MATERIAL TO PROCESS:
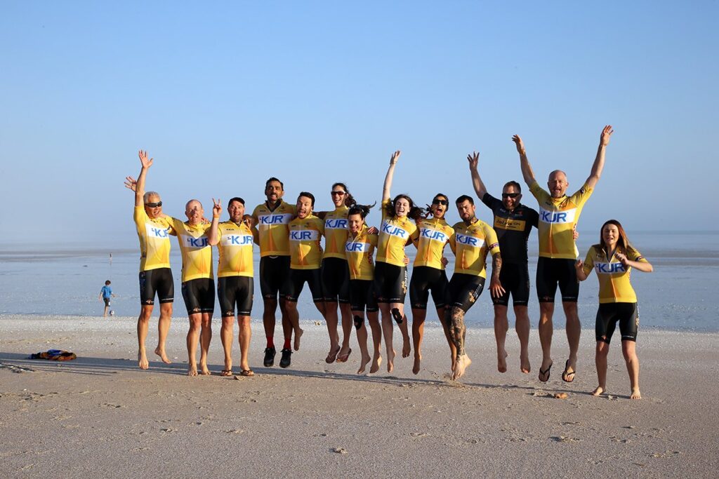 After breakfast it was time to celebrate the tour with photos of the sponsors’ kits just after the sun had risen. First up it was Jabra, followed by Telstra, Microsoft and finishing with AWS. We then chose our favourite jersey to construct “TourXOz” across the sand on 80 Mile Beach and this was my favourite shot after the KJR Yellow jersey shot. The KJR Yellow jumping shot is something to behold with a fantastic collection of riders recognised for excellence, persistence and determination.
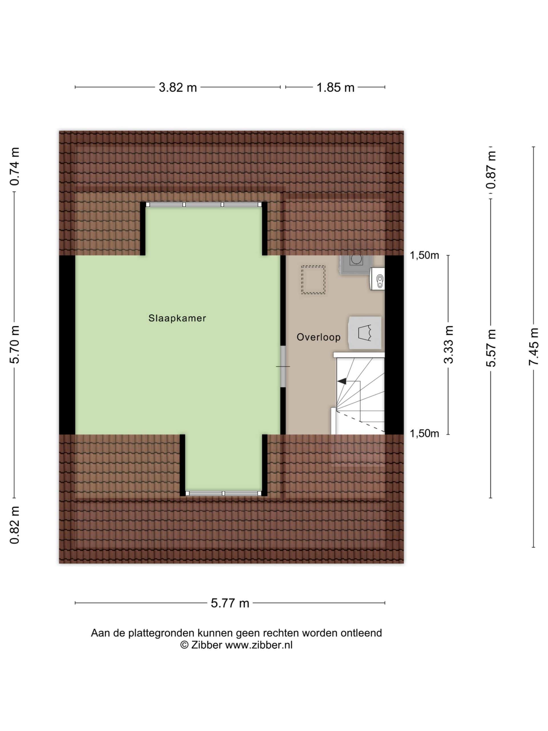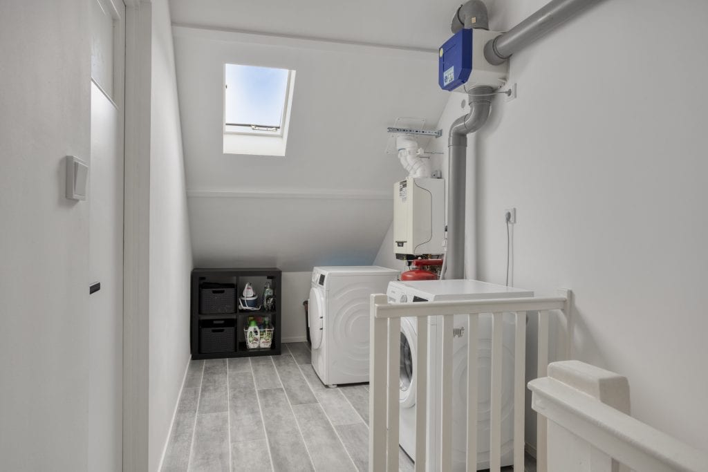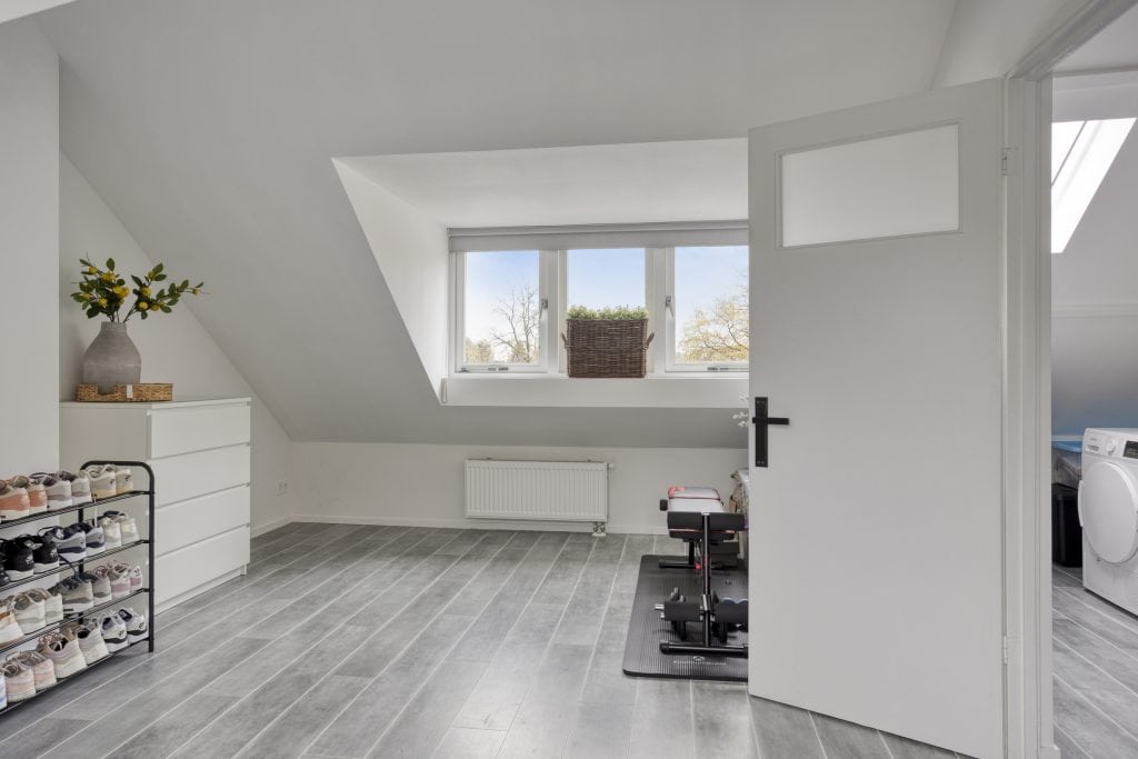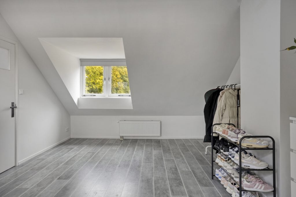 Via een vaste trap kom je op de voorzolder van de 2e verdieping. Je vindt hier de aansluiting voor je wasapparatuur. Verder vind je op deze verdieping een heerlijk ruime zolderkamer met een dakkapel aan de voor- en achterzijde. Indien gewenst kun je hier eenvoudig twee kamers realiseren.
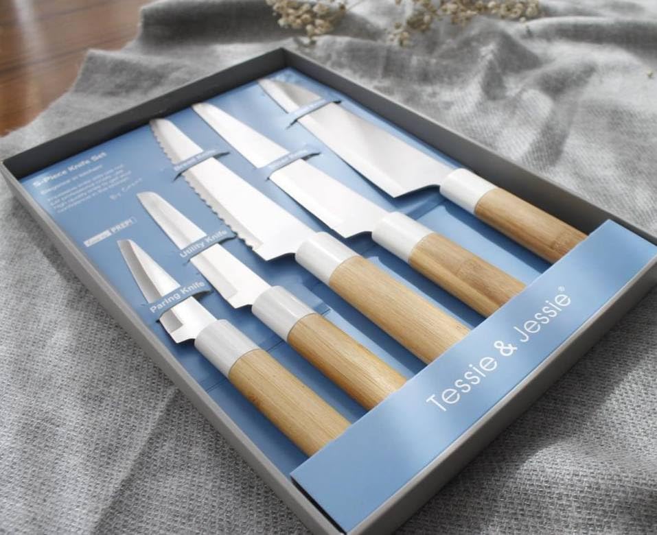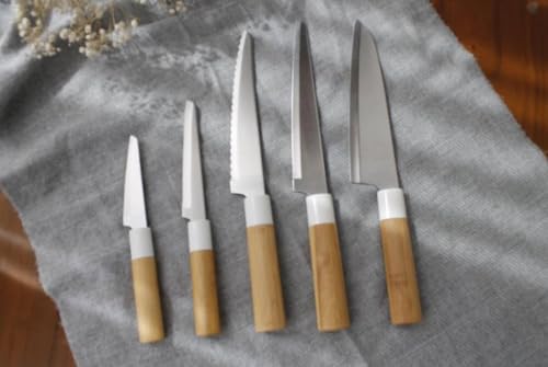 - PREMIUM SET: Complete 5-piece kitchen knife set featuring durable stainless steel blades with elegant wooden handles for versatile food preparation
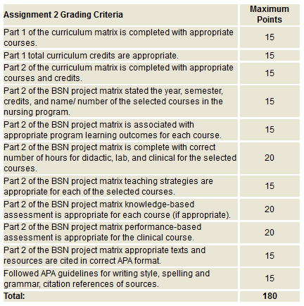 This week you will complete Part 3 of the course project, which is the BSN Course Project Matrix.
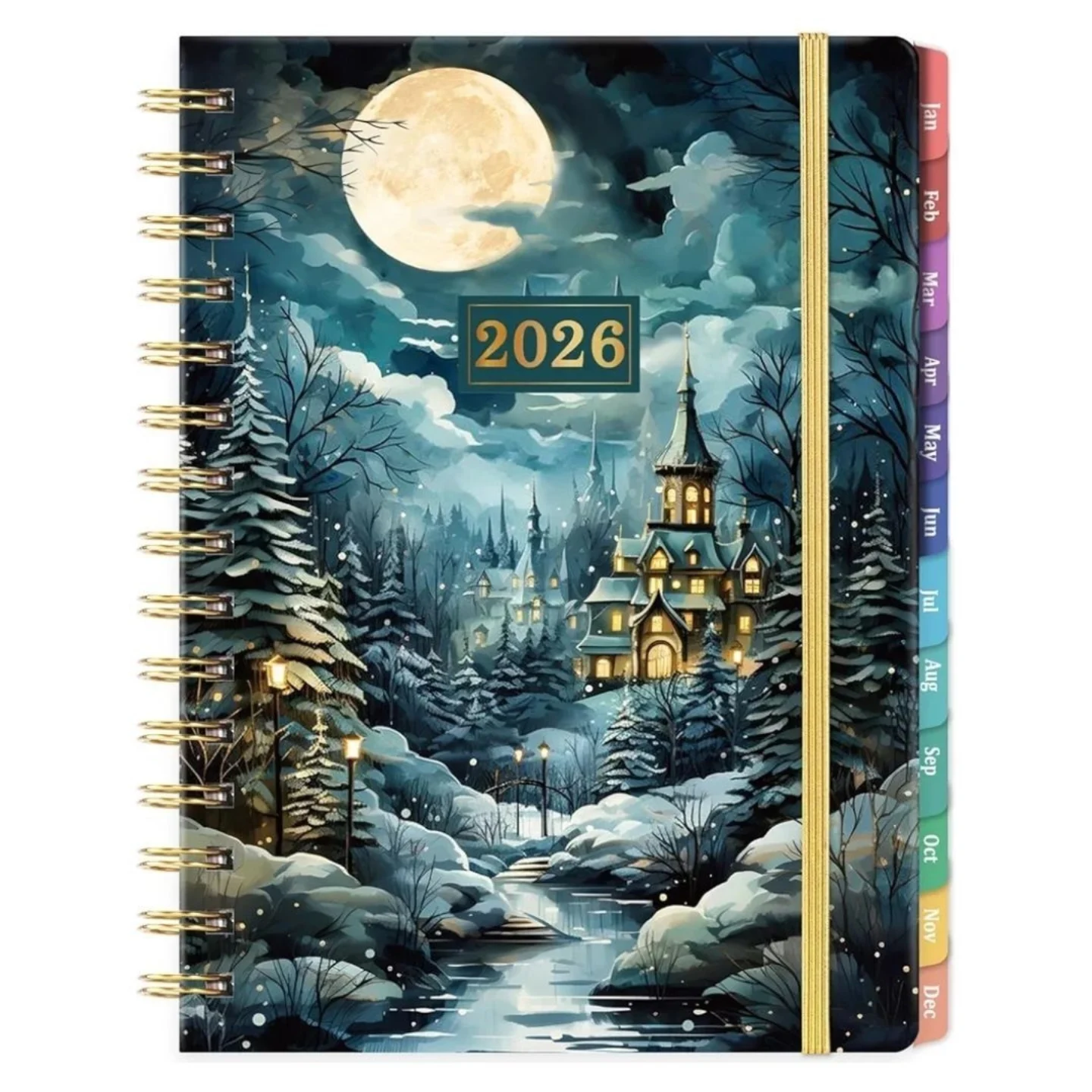 This 2026 weekly and monthly planner features a captivating vintage moon light castle pattern on a durable hardcover. Spanning from January to December 2026, it includes colorful monthly tabs, premium paper, twin-wire binding, an inner pocket, and an elastic closure. Measuring 6.3″ x 8.4″, it also offers contact pages, quick reference information, yearly overview, reference calendar, and holidays.
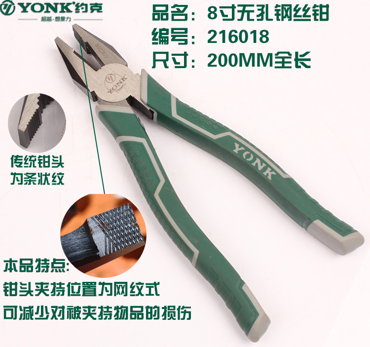 YONK pure industrial grade steel wire pliers 8-inch old Rover pliers sharp-mouth pliers Electrotechnical pliers multifunctional hand pliers
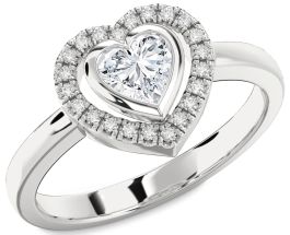 Gracefully refined, this engagement ring features a radiant heart at the center, framed by a luminous halo that mirrors its delicate contour. The classic silhouette is elevated by its elegant symmetry and shimmering presence, creating a look that’s both heartfelt and timeless. A perfect expression of love, this ring speaks to promises made and a future beautifully shared.
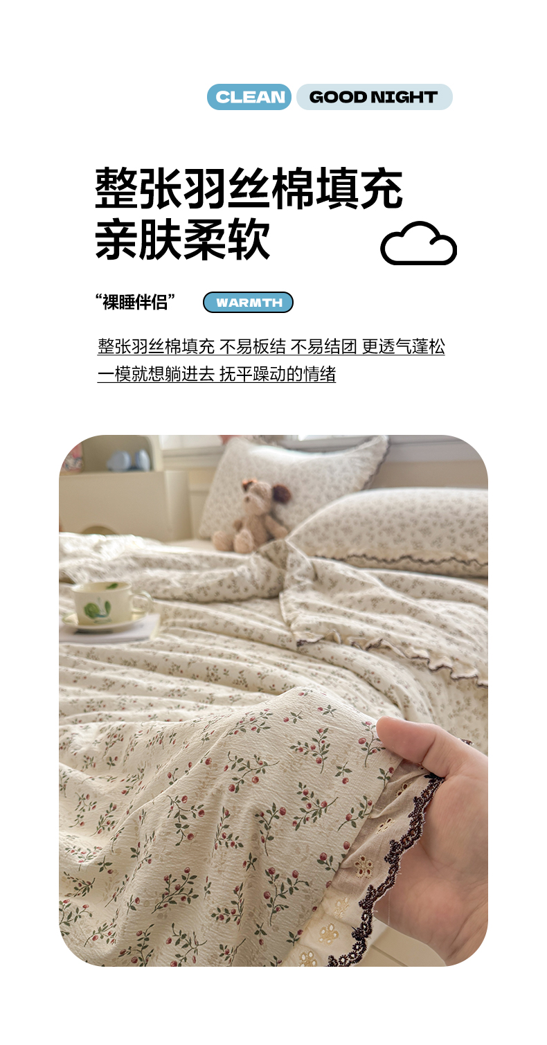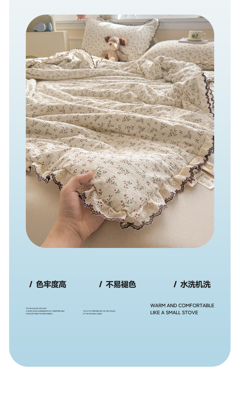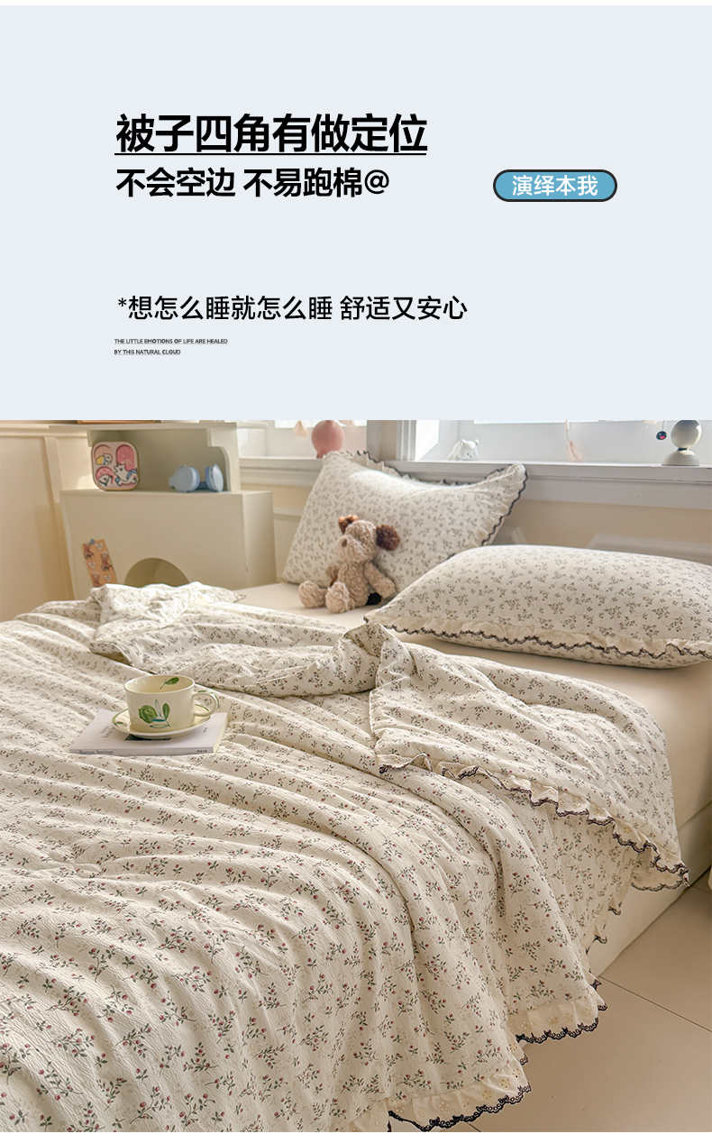 商品名称:鑫贝阳 2026新款韩版花边邹邹绵夏被 奶雾花野
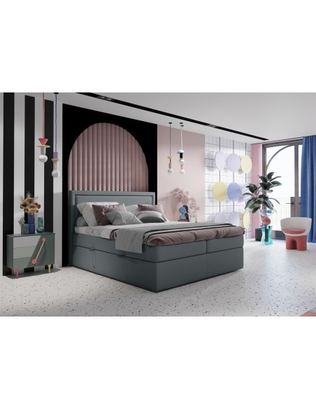 Kontinentalseng med opbevaring og sengegavl, fremstillet i mørkegrå velour. Sengen måler 140 x 200 / 211 cm i bredde og dybde og 64 / 118 cm i højden. Madrasserne er med 7 komfortzoner for optimal komfort.
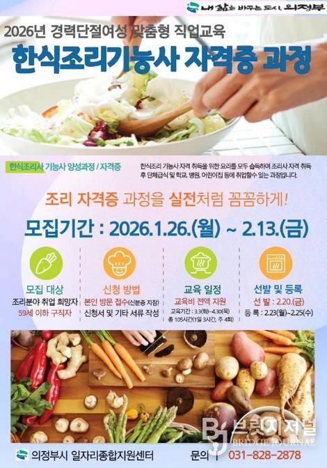 브릿지저널 김경미 기자 | 의정부시는 경력단절여성의 안정적인 재취업을 지원하기 위해 ‘2026년 한식조리기능사 자격증 과정’ 참여자를 모집한다.

WHAT TO DO: Images must not appear in the copy; reproduce everything else in the records verbatim.

REPLY TO THE TASK:
 After breakfast it was time to celebrate the tour with photos of the sponsors’ kits just after the sun had risen. First up it was Jabra, followed by Telstra, Microsoft and finishing with AWS. We then chose our favourite jersey to construct “TourXOz” across the sand on 80 Mile Beach and this was my favourite shot after the KJR Yellow jersey shot. The KJR Yellow jumping shot is something to behold with a fantastic collection of riders recognised for excellence, persistence and determination.
 Via een vaste trap kom je op de voorzolder van de 2e verdieping. Je vindt hier de aansluiting voor je wasapparatuur. Verder vind je op deze verdieping een heerlijk ruime zolderkamer met een dakkapel aan de voor- en achterzijde. Indien gewenst kun je hier eenvoudig twee kamers realiseren.
 - PREMIUM SET: Complete 5-piece kitchen knife set featuring durable stainless steel blades with elegant wooden handles for versatile food preparation
 This week you will complete Part 3 of the course project, which is the BSN Course Project Matrix.
 This 2026 weekly and monthly planner features a captivating vintage moon light castle pattern on a durable hardcover. Spanning from January to December 2026, it includes colorful monthly tabs, premium paper, twin-wire binding, an inner pocket, and an elastic closure. Measuring 6.3″ x 8.4″, it also offers contact pages, quick reference information, yearly overview, reference calendar, and holidays.
 YONK pure industrial grade steel wire pliers 8-inch old Rover pliers sharp-mouth pliers Electrotechnical pliers multifunctional hand pliers
 Gracefully refined, this engagement ring features a radiant heart at the center, framed by a luminous halo that mirrors its delicate contour. The classic silhouette is elevated by its elegant symmetry and shimmering presence, creating a look that’s both heartfelt and timeless. A perfect expression of love, this ring speaks to promises made and a future beautifully shared.
 商品名称:鑫贝阳 2026新款韩版花边邹邹绵夏被 奶雾花野
 Kontinentalseng med opbevaring og sengegavl, fremstillet i mørkegrå velour. Sengen måler 140 x 200 / 211 cm i bredde og dybde og 64 / 118 cm i højden. Madrasserne er med 7 komfortzoner for optimal komfort.
 브릿지저널 김경미 기자 | 의정부시는 경력단절여성의 안정적인 재취업을 지원하기 위해 ‘2026년 한식조리기능사 자격증 과정’ 참여자를 모집한다.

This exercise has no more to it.